Bolmo: Byteifying The Next Generation Of Language Models
Source
- Raw Markdown: paper_bolmo-2025.md
- PDF: paper_bolmo-2025.pdf
Core Claim
Bolmo shows that competitive byte-level language models can be obtained by byteifying existing subword LMs through a purpose-built architecture and exact distillation objective.
Key Contributions
- Introduces a fully open byte-level LM family at 1B and 7B scales.
- Treats byteification as tokenizer transfer from a source subword LM.
- Claims conversion can use less than 1% of a typical pretraining token budget.
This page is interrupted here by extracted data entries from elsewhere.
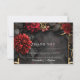 Sumérjase en un ambiente de opulencia gótica con este diseño barroco de boda floral. Deep crimson dahlias, adornos dorados y texturas negras vintage enmarcan tu texto personalizado con una elegancia dramática. Ideal para bodas de Halloween, temáticas victorianas o eventos románticos caros, este diseño marca la pauta para una celebración inolvidable llena de misterio y estilo.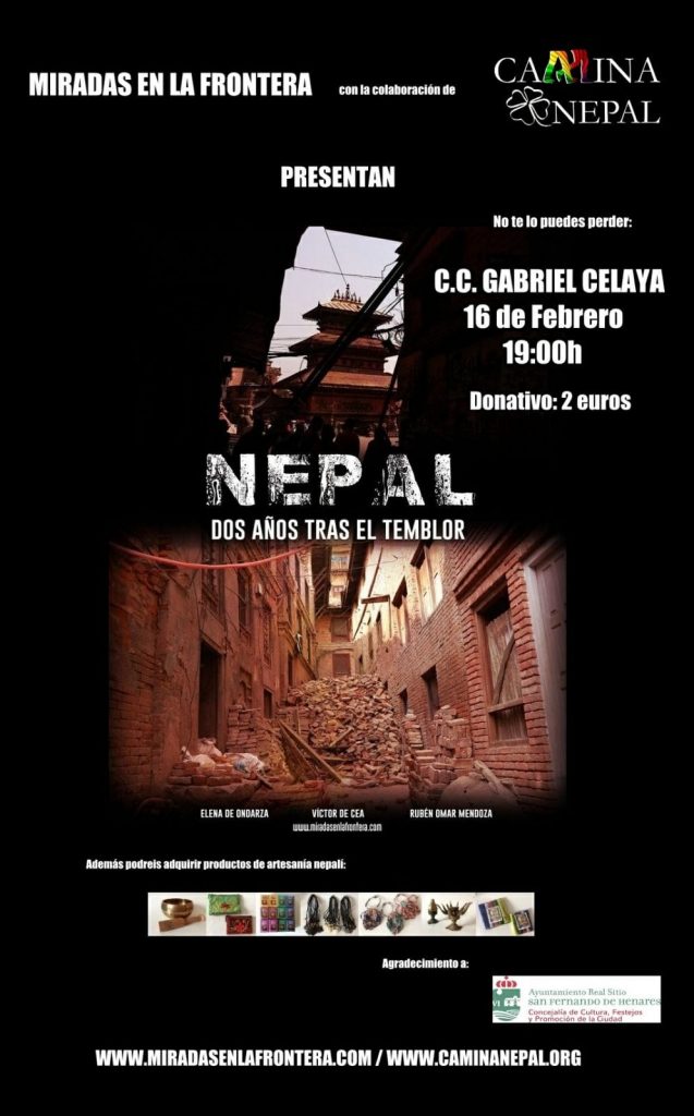 Miradas en la Frontera presenta este viernes 16 de febrero su reportaje documental «Nepal: Dos años tras el temblor» a las 19:00 en el Centro Cultural Gabriel Celaya de San Fernando de Henares (Madrid).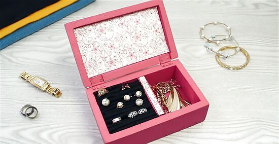 Store rings and pins in a felted box to keep them safe and organized. You can use any small box, such as an empty recipe box or a decorative wooden box from a hobby store. Measure the depth and width of your box, and then cut strips of felt that are the same width as the box. Starting from the longest edge, fold over a section of felt that’s the same height as the box. Flip the fabric over and then make another fold. Fold the entire strip like this so it looks like an accordion. Stitch or staple the ends of the felt together before gluing them into the bottom of the box with craft glue. Push your rings or pins between the felt folds so they stay in place. You don’t have to use folded felt for your entire box. For example, you could keep half of the box empty so you can store loose jewelry or other trinkets.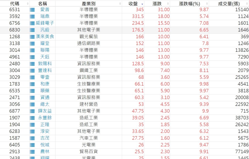 2023-0727股價創20日新高爆量上漲股 2023-07-28 股狗網小編 選股條件 發表留言 投資達人APP上線囉!!!『安裝APP』: 利用股狗選股的選股條件可以【挑選突破20日新高,爆量上漲起漲點股票】 1.股狗選股 https://www.stockdog.com.tw 2.選股條件: a.收盤價創20日新高 b.當日漲幅 > 2% C.成交量大於5日均量2倍 免責宣言 本網站文章所提供資訊僅供參考,並無任何推介買賣之意,投資人應自行承擔交易風險。 分享此文: 按一下即可分享至 X(在新視窗中開啟) X 按一下以分享至 Facebook(在新視窗中開啟) Facebook 喜歡 正在載入...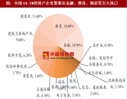 据《2017中国saas用户研究报告》显示,2017年,中国64.5%的saas用户企业聚集在金融、教育、制造、建筑地产、软件开发五大风口,其中金融行业saas应用占中国saas行业应用的18.9%,份额第一。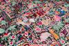 Bordado minuciosamente en seda negra con diseño poco común de inspiración persa-oriental de rico colorido, mostrando una escena narrativa abigarrada con multitud de personajes en arquitecturas y paisajes con palmeras y camellos.

- Shows gains in character understanding and some coding settings while approaching source-LM performance elsewhere.
Method Notes
Bolmo is the main source for Tokenizer Transfer. It complements H-Net and Synergy, which emphasize end-to-end learned chunking rather than distillation from subword models.
Evidence And Results
The paper compares Bolmo against byte-level baselines and source subword models, with attention to character understanding, coding, general tasks, inference speed, and post-training transfer.
Limitations
Bolmo’s strength depends on strong source subword LMs and a byteification recipe. It does not by itself settle whether future models should train from raw bytes end to end.
Foundation TSFM Relevance
| Agenda slot | Verdict | Evidence | Missing pieces |
|---|---|---|---|
| Patch size, dynamic tokenization, and point-wise numeric embeddings | adjacent | Bolmo byteifies subword LMs with a latent tokenizer, non-causal boundary prediction, pooling, and variable compression ratios. | Evidence is language-only; no numeric time-series tokenization or adaptive temporal-resolution test. |
| Dynamic compute allocation | adjacent | Variable compression changes how much latent processing is spent on different spans. | No time-series serving or training evidence that compute is allocated to hard windows, channels, or candidate futures. |
| Point-wise numeric embeddings | warning | Byte-level units preserve character detail and reduce vocabulary bottlenecks, which is an analogy for atomic numeric/event units. | Does not show that byte-style units preserve magnitude, sampling time, or channel semantics for time series. |
Links Into The Wiki
- Bolmo
- Byte-Level Language Models
- Tokenizer Transfer
- Latent Tokenization
- Foundation Time-Series Model Research Agenda
Open Questions
- Can byteification combine with dynamic learned chunking?
- Which capabilities remain bottlenecked by imperfect boundary prediction?